[Records contained in a dataset]

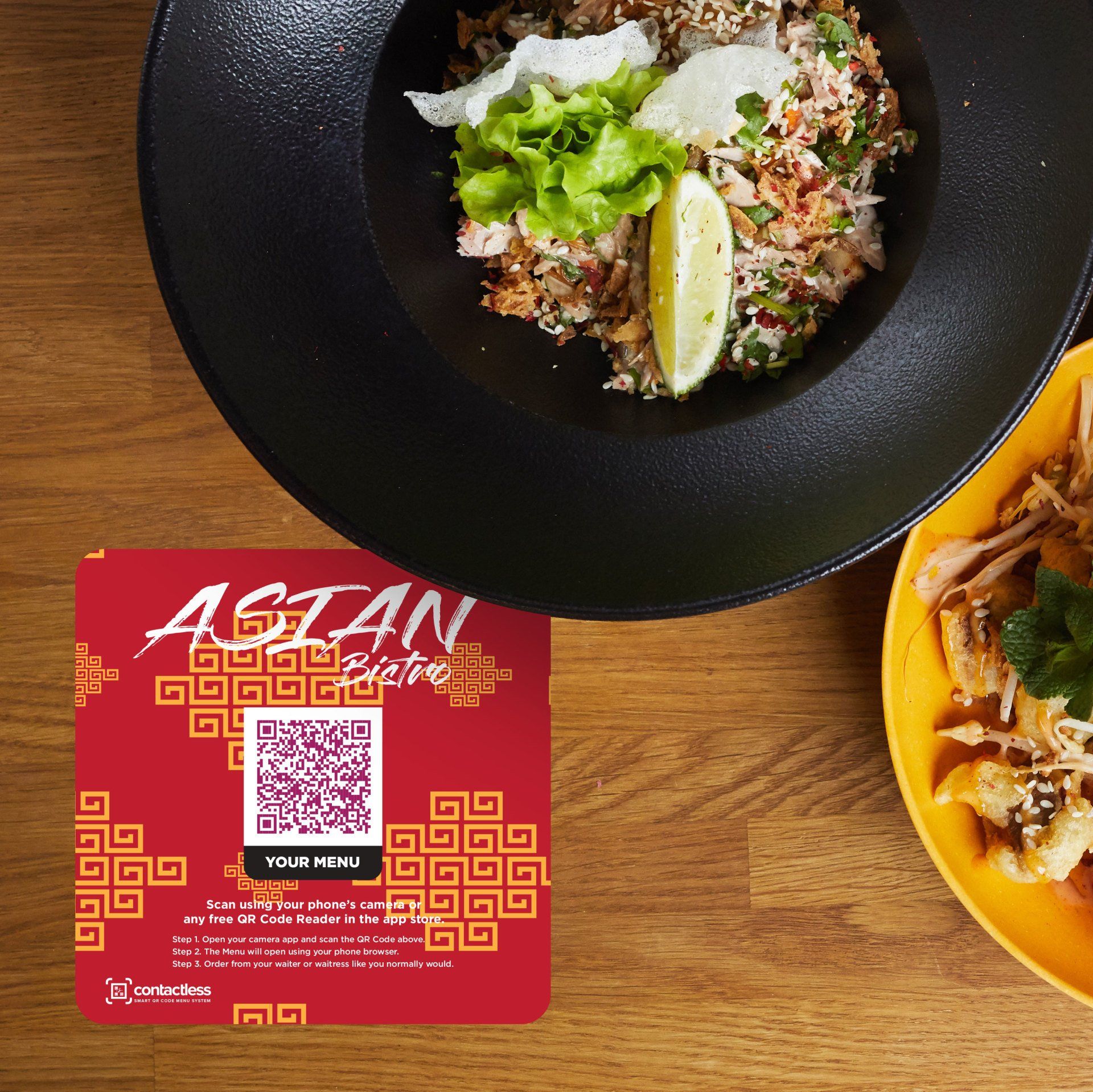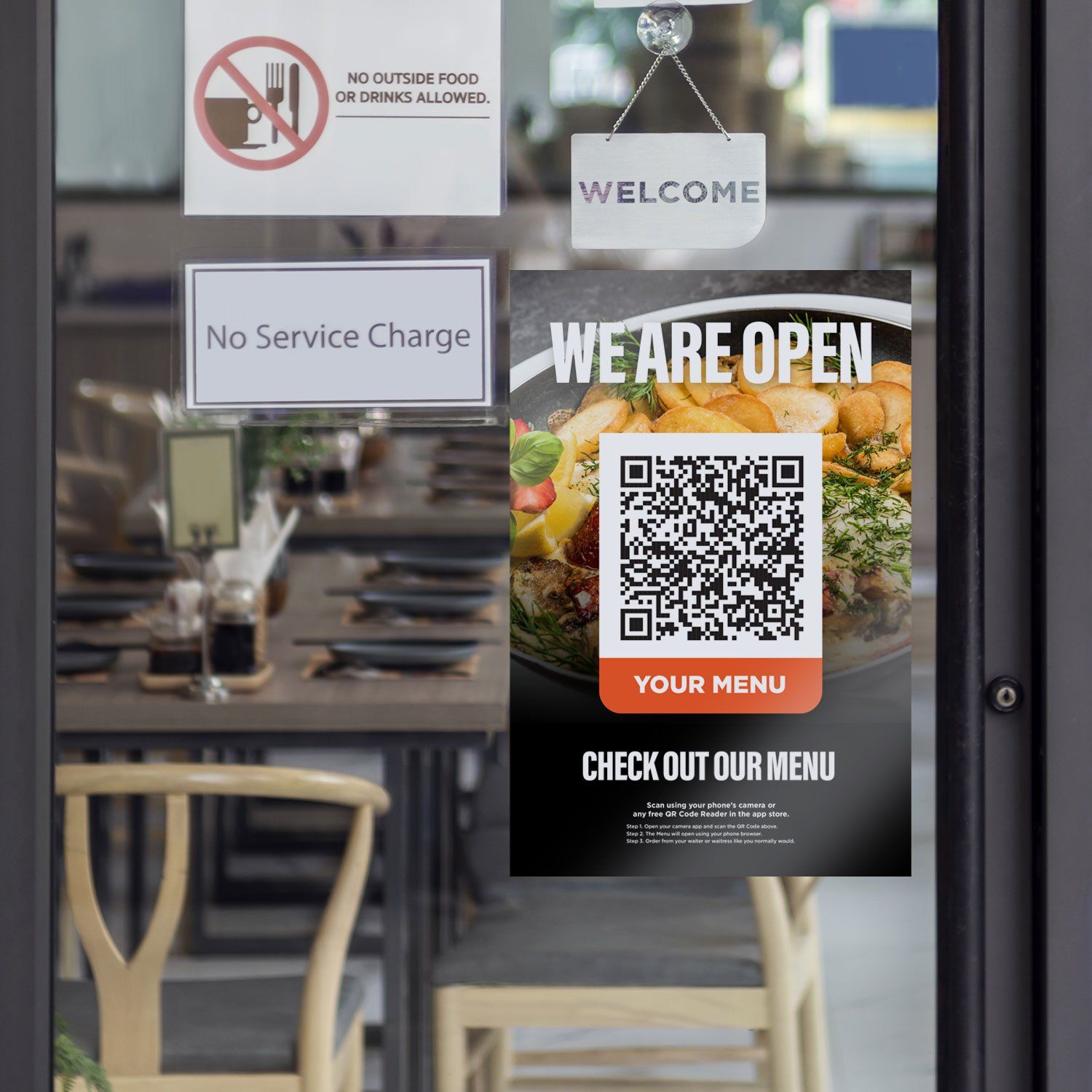 The contactless menu is simplicity at its best. By simply placing a small decal tabletop sign
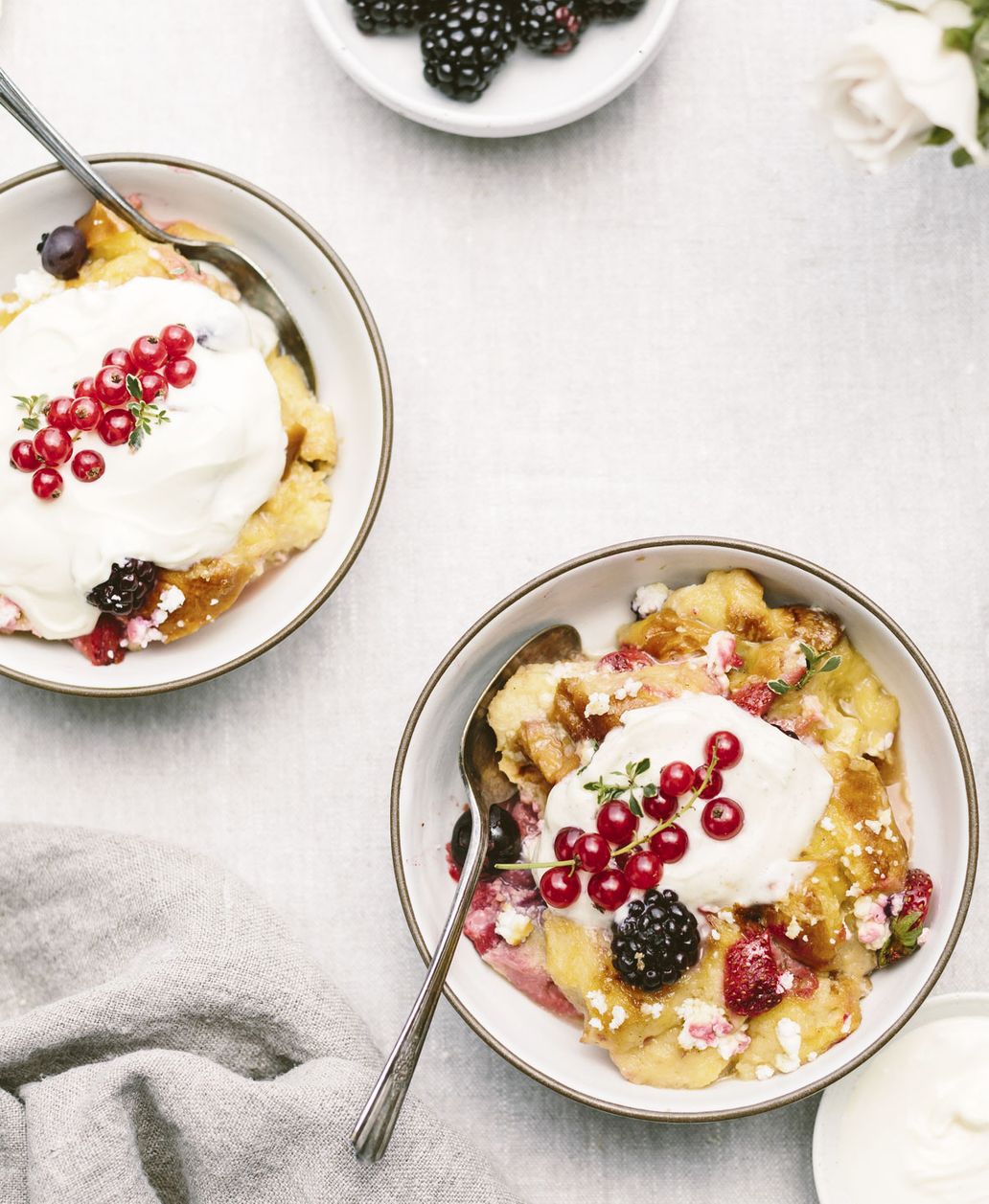 Consejo: Si quieres, puedes espolvorear el pudín de pan con azúcar glas y servirlo con salsa de vainilla. También puedes untar las capas individuales con pasas o trocitos de chocolate.
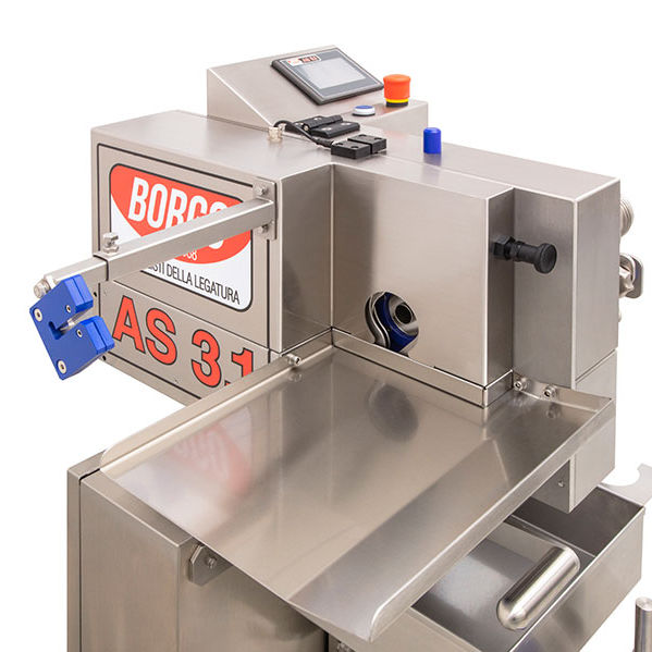 Простота і практичність роблять цю перев’язувальну машину ідеальною для малих та середніх підприємств. Універсальність – справжня сильна сторона перев’язувальної машини AS 3.1. Дозволяє перев’язувати ковбаси з фіксованою вагою, визначаючи її за допомогою пакувальної машини або за часом з панелі управління перев’язувальної машини, швидкість виробництва залежить від ваги виробу і встановленої швидкості.
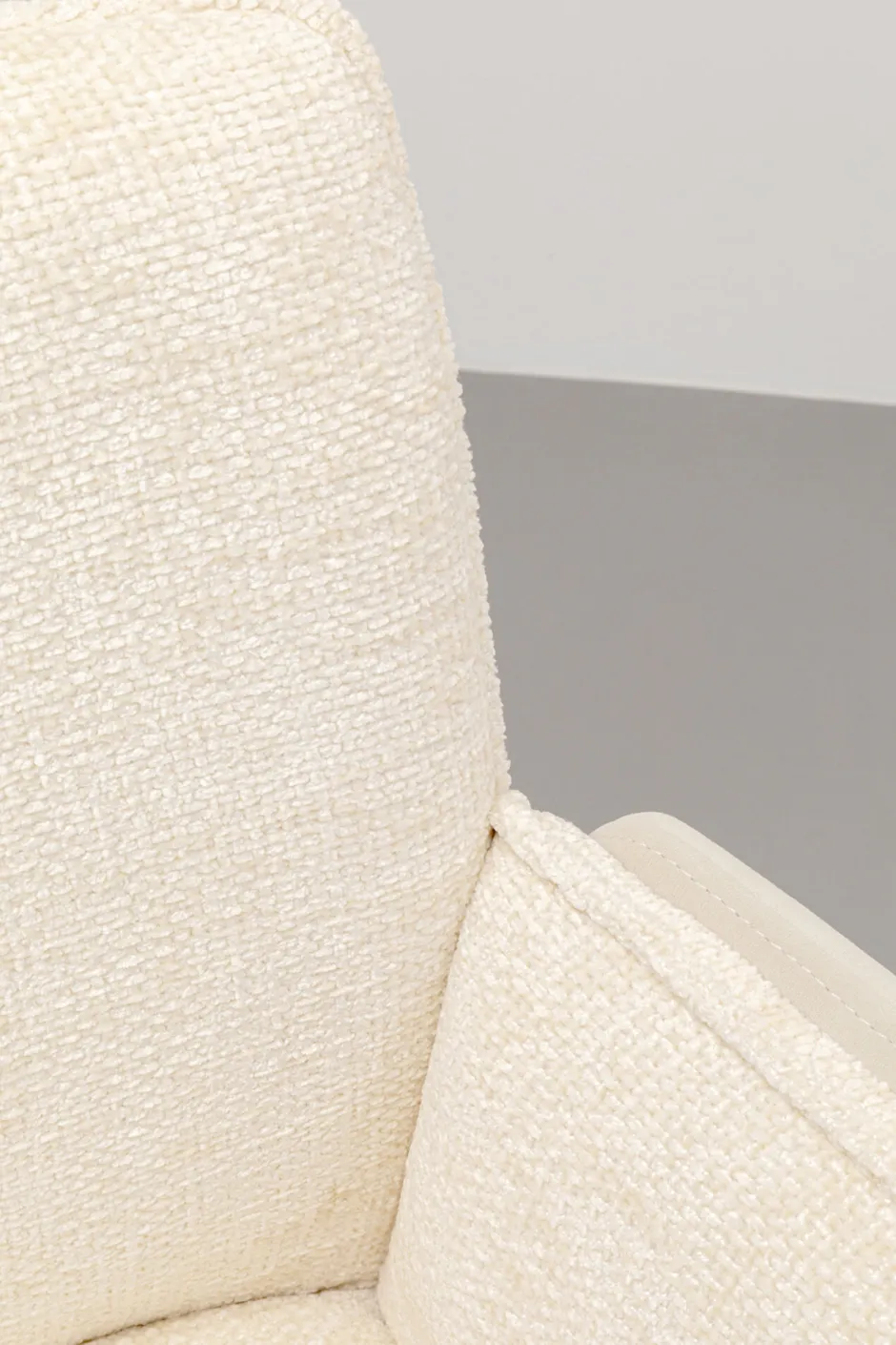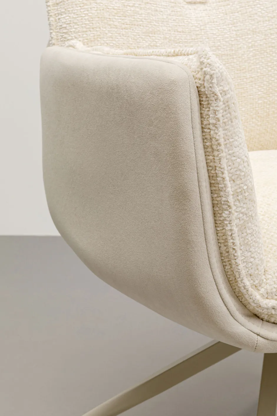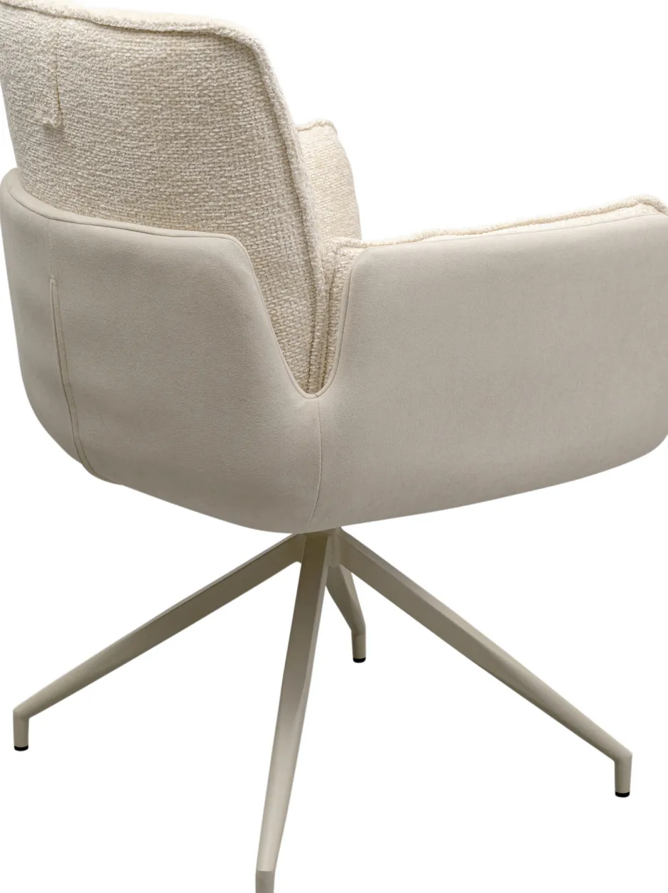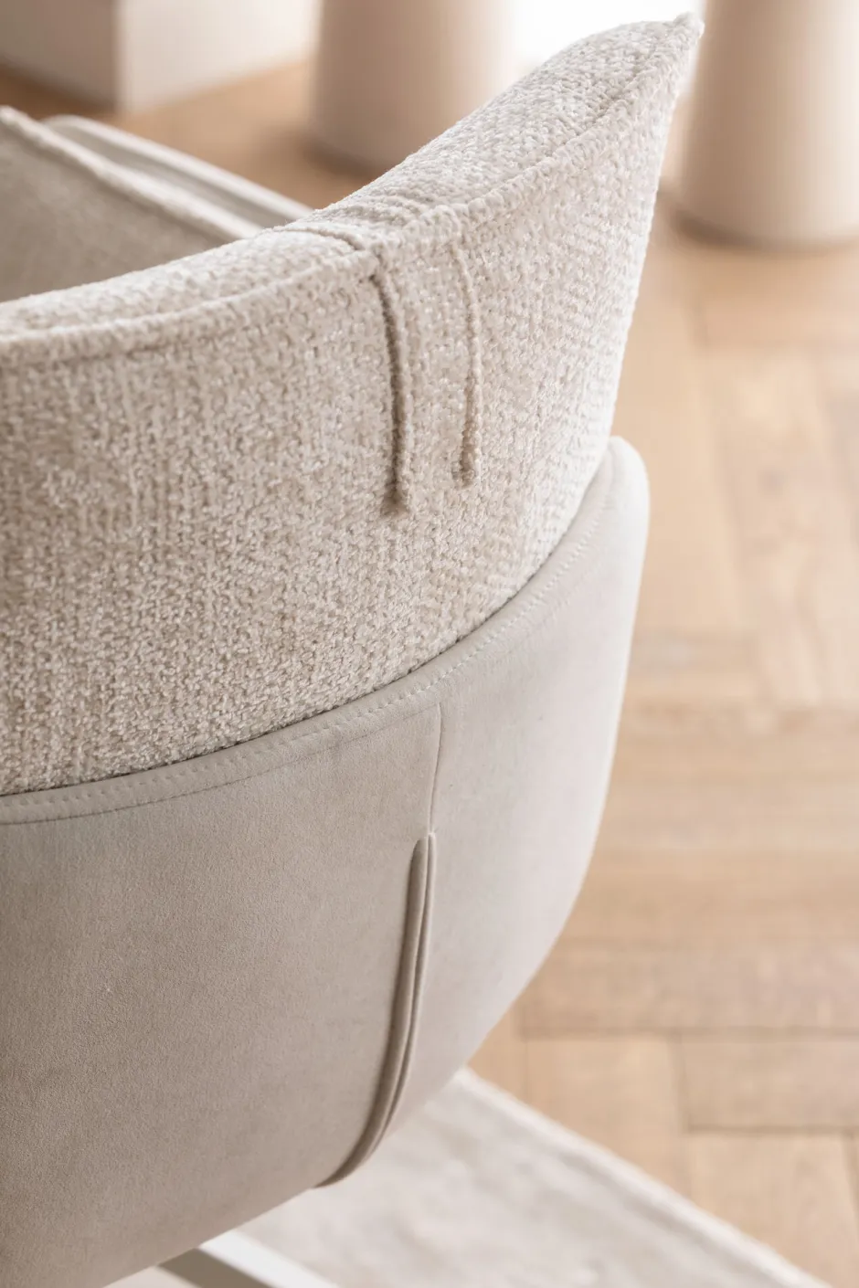 - Der Stuhl besticht durch den edlen Mix aus glattem Bezug und Bouclé-Optik, kombiniert mit abgerundeter Formgebung
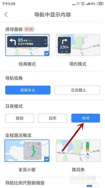 这下我们就能找到【日夜模式】了,把这个选择为【夜间】。
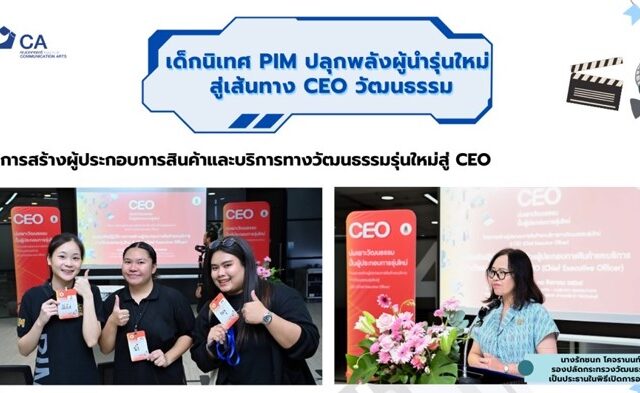 กันยายน 11, 2025เด็กนิเทศ PIM ปลุกพลังผู้นำรุ่นใหม่สู่เส้นทาง CEO วัฒนธรรม โครงการสร้างผู้ประกอบการสินค้าและบริการทางวัฒนธรรมรุ่นใหม่สู่ CEO : Culture Empowers Opportunity-Youth Camp
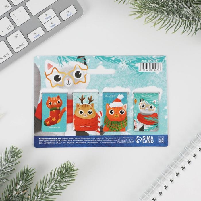 Набор магнитных закладок для книг Calligrata 6 штук, "Кошки", МИКС
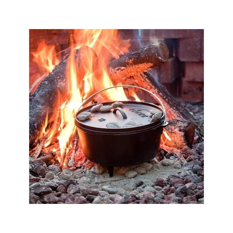 Η μαντεμένια γάστρα 7,57lt της Lodge είναι η ιδανική επιλογή για να μαγειρέψετε νόστιμα φαγητά στο BBQ και την εξοχή. Χρησιμοποιήστε την και στο τζάκι και εντυπωσιάστε την οικογένεια και τους φίλους σας! Η μαντεμένια γάστρα θα μαγειρέψει ομοιόμορφα το φαγητό σας, ενώ το καπάκι θα κάνει τη διάχυση θερμότητας ακόμη καλύτερη, καθώς οι ατμοί που θα βγουν από το φαγητό υγροποιούνται και προσθέτουν μια επιπλέον νοστιμιά στη συνταγή σας! Τα ποδαράκια της βοηθούν στη δημιουργία απόστασης από την φωτιά ώστε να μην καεί το φαγητό, γι'αυτό και είναι ιδανική για ανοιχτή φωτιά, ξυλόφουρνο και BBQ. Βέβαια, με τη βοήθεια ενός ταψιού μπορεί να χρησιμοποιηθεί και στον οικιακό φούρνο. Τα σκεύη της Lodge είναι preseasoned, δηλαδή έχει γίνει η απαραίτητη διαδικασία με φυτικό λάδι ώστε να δημιουργηθεί μια αντικολλητική πατίνα, η οποία θα κάνει το φαγητό σας να μην κολλάει. Στην συσκευασία περιλαμβάνεται βίβλιο με οδηγίες χρήσης και συνταγές. Είναι σχεδιασμένη και κατασκευασμένη στις ΗΠΑ.
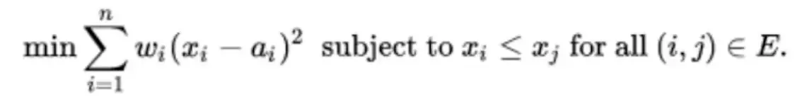 相对于x1≤x2≤...≤xn的完全顺序,其中wi是正的权重。由此产生的函数称为保序回归。
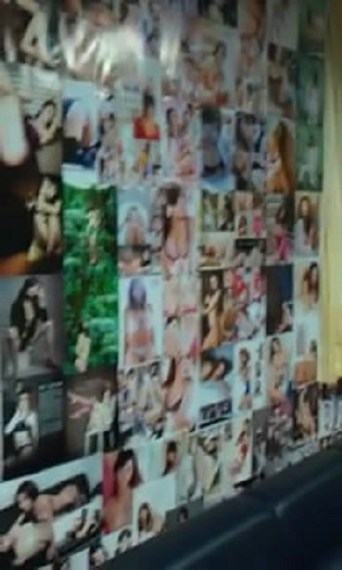 牆壁上貼滿艷女圖片。圖片來源:臺灣媒體

What to produce: Each entry is to be returned precisely as it appears, but the pictures are to be dropped.

Result below:
 The contactless menu is simplicity at its best. By simply placing a small decal tabletop sign
 Consejo: Si quieres, puedes espolvorear el pudín de pan con azúcar glas y servirlo con salsa de vainilla. También puedes untar las capas individuales con pasas o trocitos de chocolate.
 Простота і практичність роблять цю перев’язувальну машину ідеальною для малих та середніх підприємств. Універсальність – справжня сильна сторона перев’язувальної машини AS 3.1. Дозволяє перев’язувати ковбаси з фіксованою вагою, визначаючи її за допомогою пакувальної машини або за часом з панелі управління перев’язувальної машини, швидкість виробництва залежить від ваги виробу і встановленої швидкості.
 - Der Stuhl besticht durch den edlen Mix aus glattem Bezug und Bouclé-Optik, kombiniert mit abgerundeter Formgebung
 这下我们就能找到【日夜模式】了,把这个选择为【夜间】。
 กันยายน 11, 2025เด็กนิเทศ PIM ปลุกพลังผู้นำรุ่นใหม่สู่เส้นทาง CEO วัฒนธรรม โครงการสร้างผู้ประกอบการสินค้าและบริการทางวัฒนธรรมรุ่นใหม่สู่ CEO : Culture Empowers Opportunity-Youth Camp
 Набор магнитных закладок для книг Calligrata 6 штук, "Кошки", МИКС
 Η μαντεμένια γάστρα 7,57lt της Lodge είναι η ιδανική επιλογή για να μαγειρέψετε νόστιμα φαγητά στο BBQ και την εξοχή. Χρησιμοποιήστε την και στο τζάκι και εντυπωσιάστε την οικογένεια και τους φίλους σας! Η μαντεμένια γάστρα θα μαγειρέψει ομοιόμορφα το φαγητό σας, ενώ το καπάκι θα κάνει τη διάχυση θερμότητας ακόμη καλύτερη, καθώς οι ατμοί που θα βγουν από το φαγητό υγροποιούνται και προσθέτουν μια επιπλέον νοστιμιά στη συνταγή σας! Τα ποδαράκια της βοηθούν στη δημιουργία απόστασης από την φωτιά ώστε να μην καεί το φαγητό, γι'αυτό και είναι ιδανική για ανοιχτή φωτιά, ξυλόφουρνο και BBQ. Βέβαια, με τη βοήθεια ενός ταψιού μπορεί να χρησιμοποιηθεί και στον οικιακό φούρνο. Τα σκεύη της Lodge είναι preseasoned, δηλαδή έχει γίνει η απαραίτητη διαδικασία με φυτικό λάδι ώστε να δημιουργηθεί μια αντικολλητική πατίνα, η οποία θα κάνει το φαγητό σας να μην κολλάει. Στην συσκευασία περιλαμβάνεται βίβλιο με οδηγίες χρήσης και συνταγές. Είναι σχεδιασμένη και κατασκευασμένη στις ΗΠΑ.
 相对于x1≤x2≤...≤xn的完全顺序,其中wi是正的权重。由此产生的函数称为保序回归。
 牆壁上貼滿艷女圖片。圖片來源:臺灣媒體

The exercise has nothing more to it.